I was an outpatient for a few years, under pshycatry doctors (sorry, I can never spell the word) and also care co-ordinators, when I once had a final pshycartry review, they seriously felt, and it was a registrar not an actual p doctor, that I had been stable and very well, for a very long time, so, here goes, I felt, from 2008, I became discharged, and under GP overall care ever since. However, I am name wise, dormant in the system, only for me I found, the care co-ordinator appointments individually every week or so, were a waste of my own time, so to speak, I wanted to get my hobbies/interests which at that point I was just beginning about to feel settled into planning, and the care-cordinator routine appointments, took up too much of my own time, including travel getting to and back from. Like, this, from 2009, and we're now in 2015, I am happily much better off, doing volunteering, and I realised and knew how well, I was proggressing, I thought hey, I really don't need these appointments, so it just so transpired, back in 2008, though on the medication of the type at that point of time, I became discharged happily on the part of the registrar p doctor.

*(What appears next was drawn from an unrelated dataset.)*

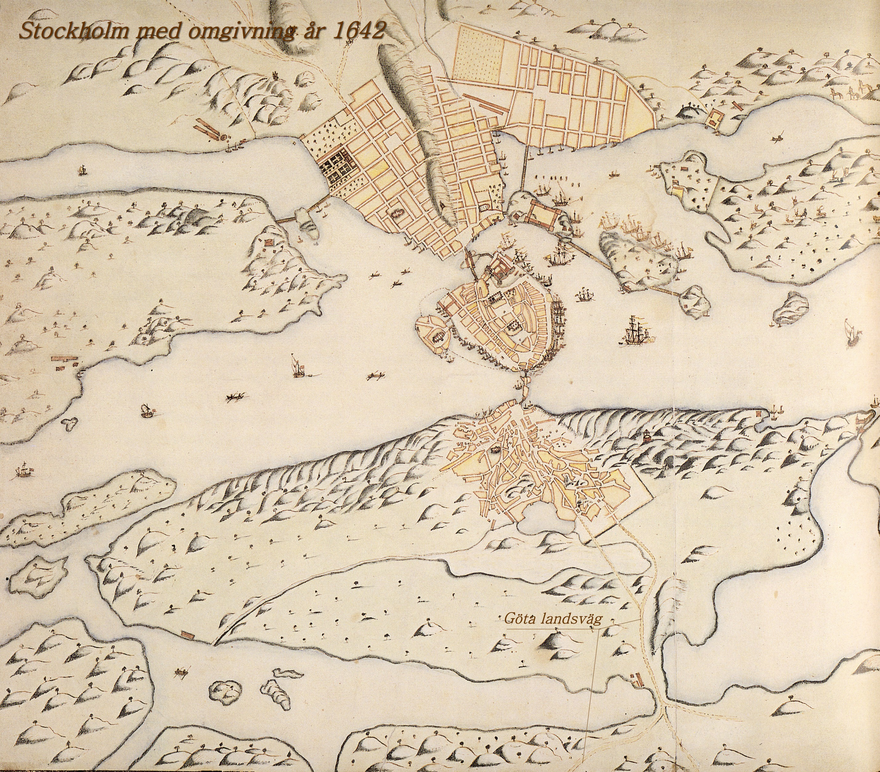 Historical map showing Stockholm, in the 17th century. The map is produced 1640 - 1642.
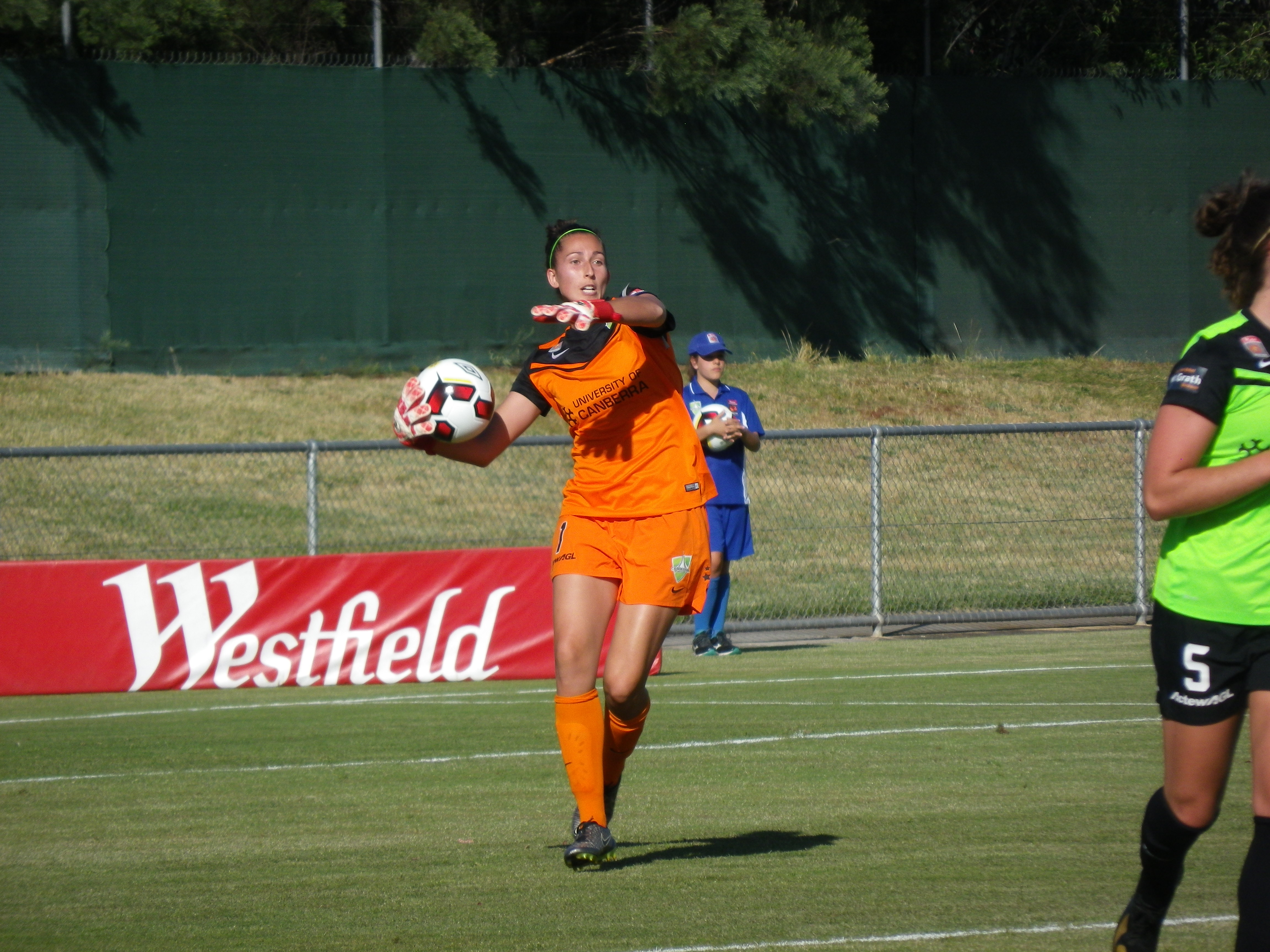 Trudy Burke playing for Canberra United in the Australian Westfield W-League, Season 9 Round 04 - VS Newcastle Jets - 26.11.2016. Photo taken by Nathan Burke.

I feel much much happier, and less stressed, or fretting ab out in terms of travelling to these appointments, and I am much better off, travelling to and from voluntary work roles, getting my hobbies and interests done, only needed by GP for something like, 6 months general and med review, and I am happy. Had I still been under care-corindator, or back then, CPN, in fact the CPN sympatheised for me, just how very pro active I was at that stage in seeking for work.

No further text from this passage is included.